The reason is that compiling and maintaining the dynamic documents would currently still take more resources than we have. We retain a lot of the reproducibility but lose some “literate” aspects.
Personally, I use the same strategy of submitting static snapshots of Sweave documents for almost all of my papers. If the targeted journal has facilities for sharing replication material already in the reviewing stage, I include code in my submissions. Otherwise I often try to include it in one of my CRAN packages if appropriate. Probably also not the ideal solution but still better than what is available for many “standard” papers.
I think Ben Bolker’s being too modest. If the files posted on his website don’t mislead, he’s published a swoven _book_ as well.
One addition, the paper Ben links too looks like a good read by itself, but I wanted to have a look at the sweave file. There is a “data supplement”, but strangely enough it appears as just the text “R code and data files” (http://rsif.royalsocietypublishing.org/content/early/2009/10/27/rsif.2009.0384/suppl/DC1)
Oops. How about http://www.math.mcmaster.ca/bolker/misc/bolker_jrsi.tgz ? (I know that defeats the purpose; if I get to it I’ll try to nag the JRSI editorial office.)

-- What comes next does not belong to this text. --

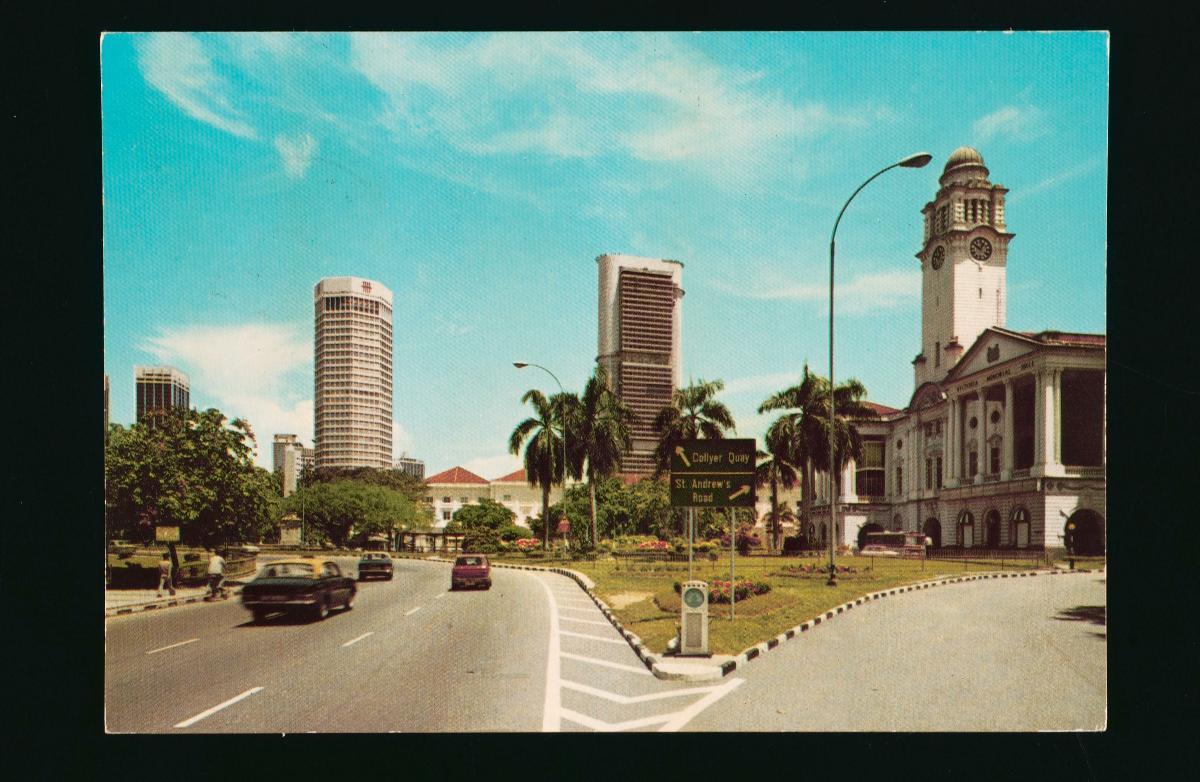 This postcard shows a view of the Civilian War Memorial (centre foreground). The four-pillared structure was erected in 1967 on a piece of parkland along Beach Road as a monument dedicated to the memory of those civilians who died during the Japanese Occupation of Singapore (1942-1945). The project was jointly funded by the Singapore government using part of the $25 million atonement fund received from the Japanese government, and the Singapore Chinese Chamber of Commerce.In the background is the Central Business District (CBD) skyline with its towering skyscrapers. The CBD area on the south bank of the Singapore River underwent major redevelopment in the late 1960s and 1970s as part of the government’s urban renewal scheme for the old city centre. One of the prominent buildings erected in the CBD area as part of the renewal project was the 52-storey Oversea-Chinese Banking Corporation (OCBC) Centre completed in 1976 (right background).
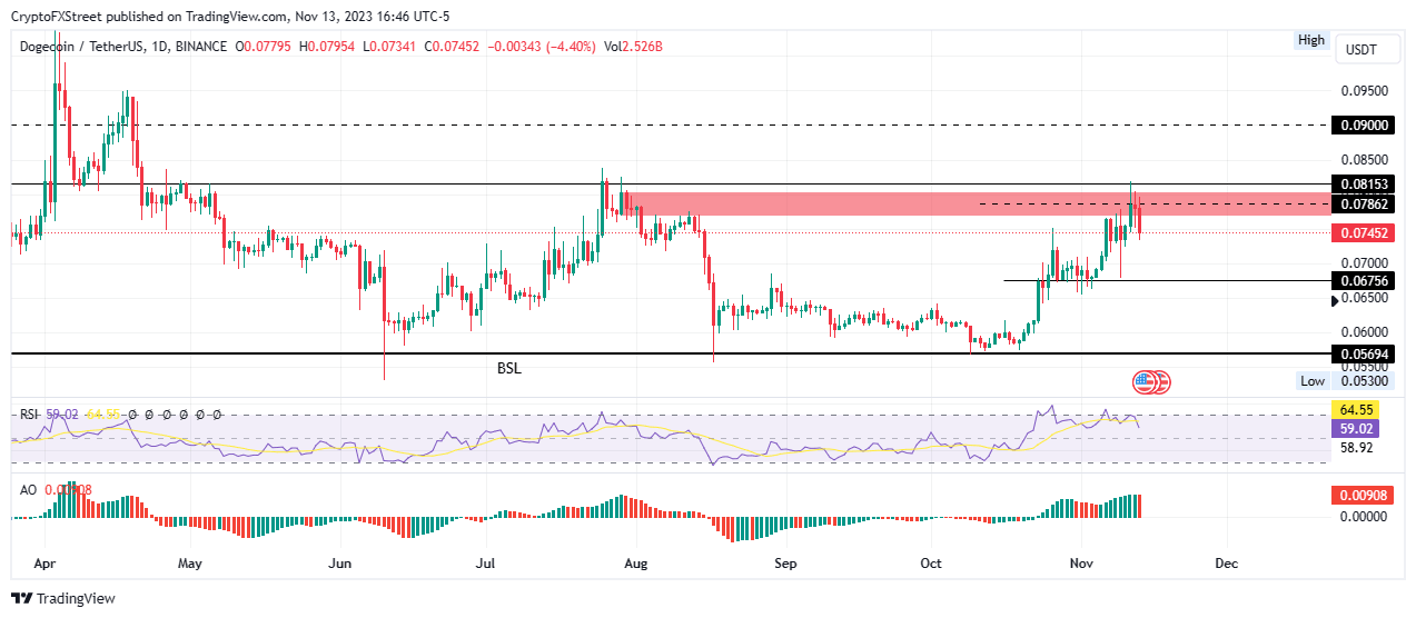 - Dogecoin price is down 5% after a rejection from $0.07862, the midline of a supply barrier extending from $0.07677 to $0.08039.

The complications discussed in this blog are some of the reasons why we decided to develop the Potsdam Mind Research Repository (http://read.psych.uni-potsdam.de/pmr2/ ; see also “About”). All the journals in our field (experimental psychology) have some form of open access policy (usually green way). This gives us the option to publish preprint, postprint, or pdf and associate data and analyses scripts with each peer-reviewed publication (“paper package”). We also are ready to include “paper packages” from other labs working on related topics. We think that such small communities are more likely to engage exchange and re-analyses of published data than large all-purpose archives.
I wrote almost everything in Sweave, which motivated my re-invention of the wheel — the knitr package (http://yihui.github.com/knitr/). Now my answer to your question is definitely yes, since it takes me 10 seconds to set up a document with LyX and knitr from scratch (see this short video http://vimeo.com/32948939), so why not?
I think a broader question is how our journals in this age should change towards a reproducible manner. Traditional papers are published in a “fixed” manner — once submitted, they are “dead”. I believe at least electronic journals like JSS may try to provide an environment like CRAN to rebuild papers periodically from source; original authors should be notified in case of errors. Why software packages must be re-built and re-checked periodically but scientific papers should not?